CAT6 vs. CAT5e for PoE:
CAT6 uses thicker conductors (23 AWG vs. 24 AWG in CAT5e), which reduces resistance. For 802.3bt Type 4 devices at long runs, CAT6 or CAT6A provides noticeably more available wattage at the device end compared to CAT5e.
Proprietary PoE Variants
Some manufacturers implement non-standard PoE (sometimes called "passive PoE") that applies voltage without the IEEE negotiation handshake:
- Ubiquiti 24V passive PoE — used on older Ubiquiti equipment; applies 24V without negotiation
- Ubiquiti 48V passive PoE — used on some Ubiquiti airFiber equipment
- Some IP intercoms — use passive 12V or 24V PoE
These are not compatible with standard IEEE PoE switches. Connecting a passive PoE injector to a device expecting IEEE 802.3af/at can damage the device, and connecting an IEEE PoE switch to a passive PoE device can also cause damage if the device lacks detection circuitry. Always verify compatibility before mixing PoE types.
Common Pitfalls
- Exceeding total switch PoE budget — This is the most common PoE planning mistake. Devices fail to power on, or some devices power on and others don't, seemingly at random (the switch depowers lower-priority ports when budget is exceeded). Always calculate total load against total budget.
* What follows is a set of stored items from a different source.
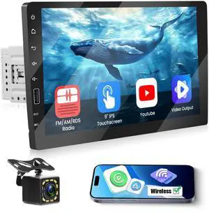 AM Radio 9 Inch Single Din Car Radio with Wireless Carplay Android Auto,IPS Touch Screen Car Stereo with Mirror Link, Car Radio Support Bluetooth Handsfree FM/RDS Stereo Online Video EQ USB SWC
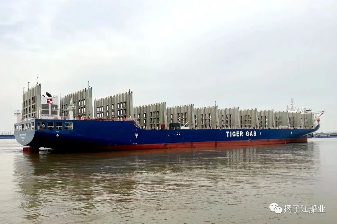 5月15日,揚(yáng)子江船業(yè)集團(tuán)與老虎燃?xì)饴?lián)合研發(fā)由新?lián)P子造船建造的第三艘700箱級(jí)罐箱甲板船“TIGER LIANYUNGANG”輪從碼頭出發(fā)開(kāi)啟首航。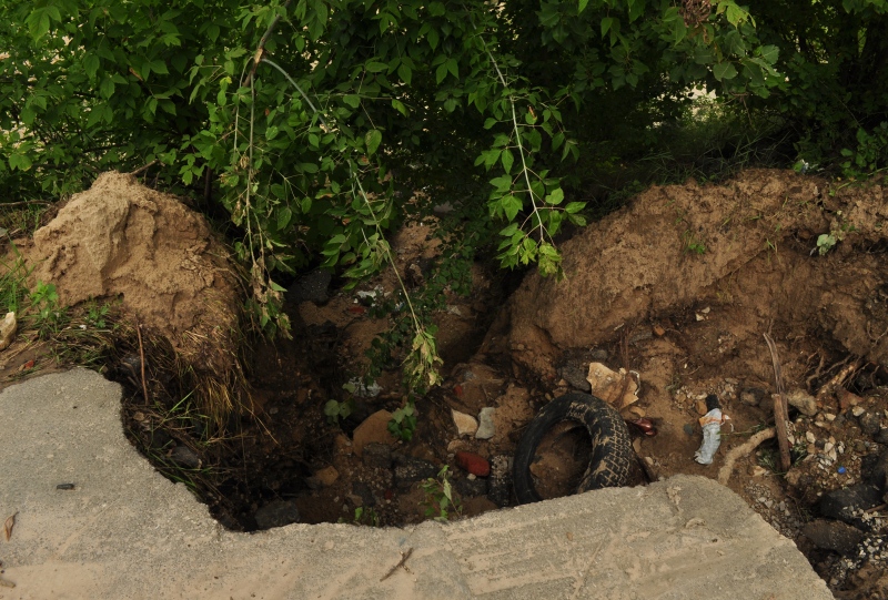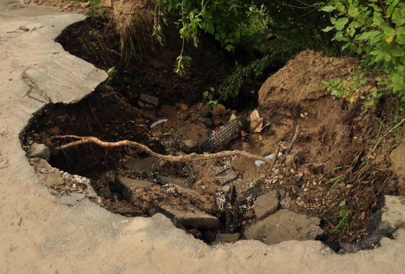 - Вчера, 23 июля, решили с другом погулять, - написал он. - Зашли на переулок Совхозный, потом вышли через лес на дорогу, ведущую на Яченское водохранилище. Все было хорошо, пока не начали образовываться маленькие обвалы. Мы не придавали значения, пока почти не дошли до переулка Чичерина. Там была огромная яма, затронувшая дорожный проезд.

- Using CAT5e for high-power PoE++ runs — While 802.3bt technically works on CAT5e, long runs with high-current devices see significant voltage drop. CAT6 or CAT6A is strongly recommended for 802.3bt installations.
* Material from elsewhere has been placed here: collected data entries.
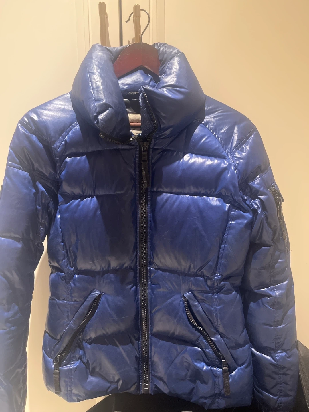 Here's a stylish blue padded puffer jacket! It's in great condition and ready to keep you warm and cozy during the colder months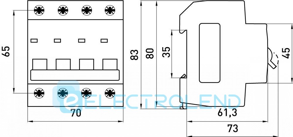 S002046 Модульний автоматичний вимикач e.mcb.stand.45.4.C10, 4р, 10А, C, 4,5 кА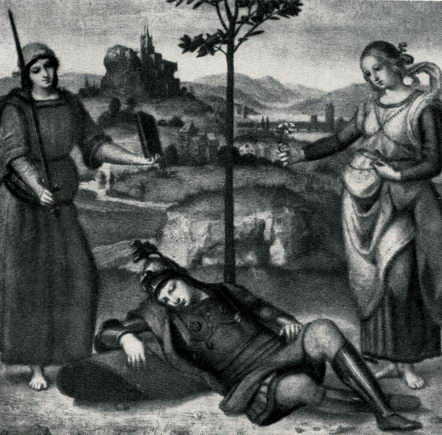 Сюжет картины «Сон рыцаря» был заимствован юным Рафаэлем из средневекового сказания, по-своему воссоздавшего античный миф о Геракле, который должен был определить свой жизненный путь, сделав выбор между Доблестью и Наслаждением. У Рафаэля вместо Геракла изображен заснувший под деревом молоденький рыцарь, а по сторонам от него – две прекрасные женские фигуры: одна манящая его цветами, другая предлагающая меч и книгу. Эта наивная аллегория пленяет зрителя робкой грацией и поэтической чистотой образов, хотя и выдает известную скованность и неуверенность молодого художника.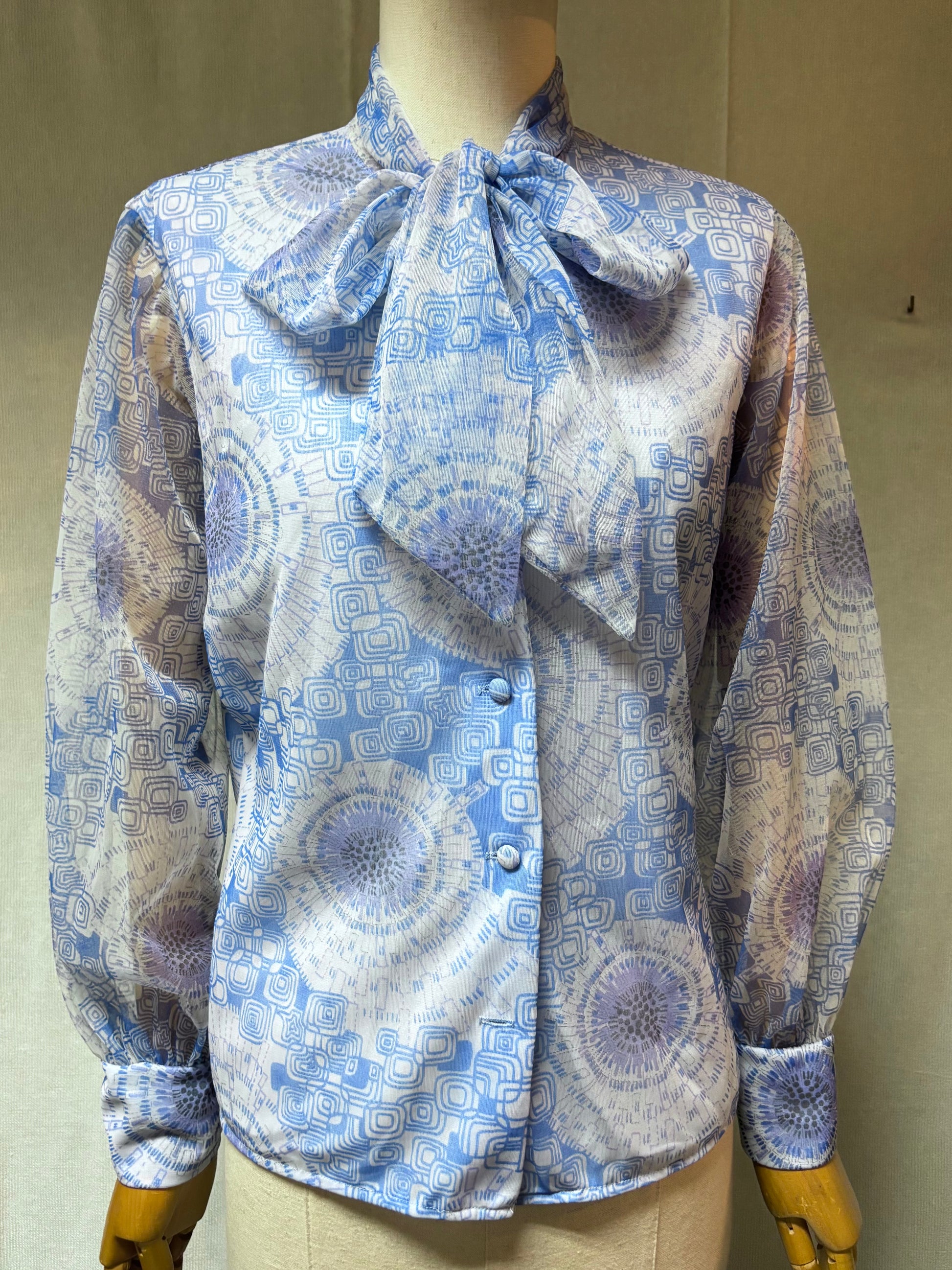 •CARACTERÍSTICAS: Estampado precioso, color azul, mangas transparentes y cuello con lazo. Inglesa, de St. Michael. Es una pasada de bonita! No es elástica.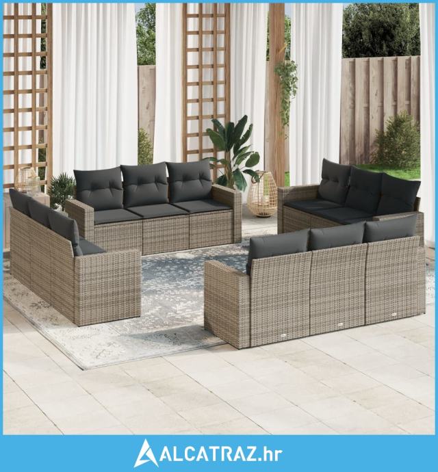12-dijelni set vrtnih sofa od poliratana s jastucima sivi - NOVO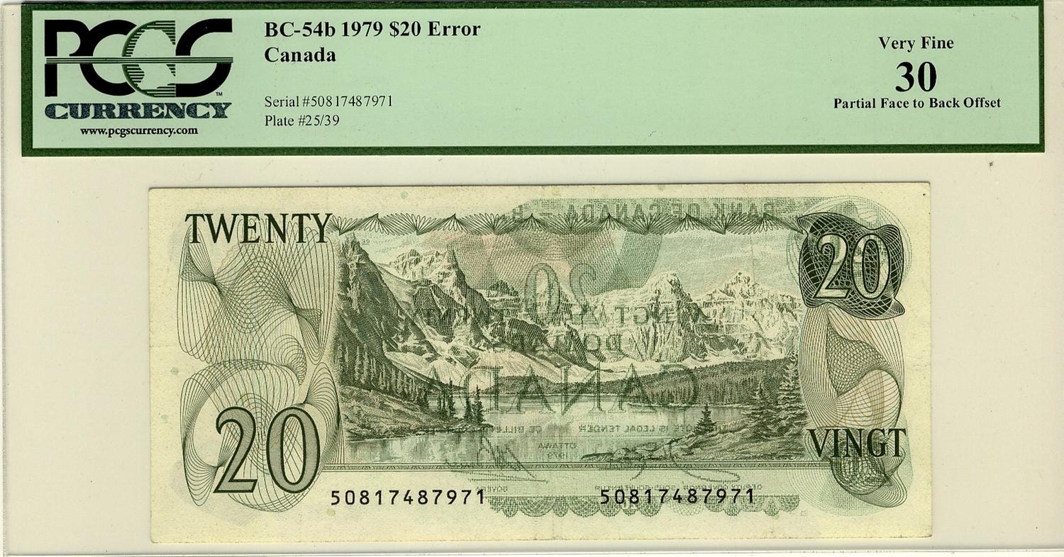 ERROR 1979 $20 BC-54b #50817487971, PCGS VF30. Partial face to back offset.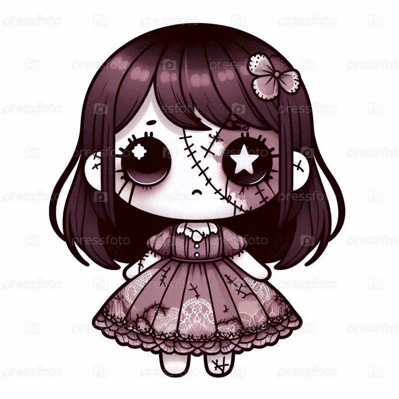 Милый стикер кавайи с разбитой куклой со швамами, Ai generated image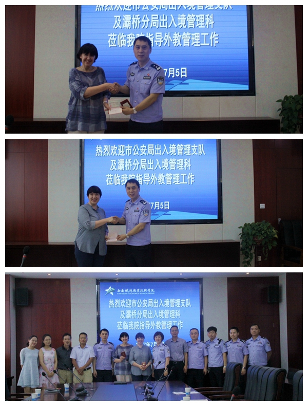 7月5日,市公安局出入境管理支队副支队长宋阳、外管二科科长严高峰、灞桥分局出入境管理科科长王俊瑜等五位干警专程来到我院为两名外籍专家送上了他们的居留证。同时,就最新外事管理政策和服务理念进行了宣讲。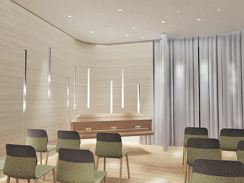 Neben einem ansprechenden Büro- und Besprechungsraum ist der neue Verabschiedungsraum Herzstück der Geschäftsfläche. „Damit schaffen wir als Komplettanbieter in punkto Bestattung einen Lückenschluss für die gesamte Region. Als Alternative und Erweiterung zum bestehenden Angebot von Aufbahrungshallen bzw. wenn Menschen aus der Kirche ausgetreten sind und eine Verabschiedung im kleinen Rahmen wünschen, bietet sich dieser Raum an“, so Gernot Reiterer. Mit moderner Ton- und Bildtechnik ausgestattet, finden bis zu 25 Personen bequem Platz und auch die Agape kann durch das Vorhandensein einer Teeküche vor Ort abgehalten werden.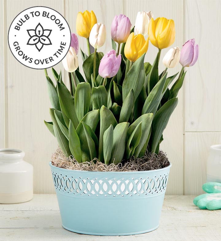 Welcome the new season with a burst of color from our tulip bulbs. These rooted, sprouted bulbs will showcase beautiful pink, purple, and yellow blooms. Arranged in a bright blue container, this gift embodies the joy and cheer of spring.

- Forgetting to derate for long runs — Standard PoE planning assumes a 100m run. Longer runs (with extenders or fiber/copper converters) may reduce available wattage below what the device requires.
- Assuming all PoE switches support 802.3bt — Many switches sold as "PoE+" support only 802.3at (30W). High-power devices like video bars and 90W cameras require true 802.3bt. Read the datasheet, not just the product name.
- Mixing IEEE and passive PoE — Connecting a passive 24V PoE device to an IEEE 802.3af/at switch (or vice versa) can damage equipment. Always match PoE type to device requirements.
- Not accounting for LLDP-MED negotiation — Some switches only supply the maximum class wattage if LLDP-MED is not negotiated. Without LLDP-MED, a device requesting 18W from a PoE+ port may receive only the default class allocation. Verify LLDP-MED is enabled on switches where precise power negotiation is important.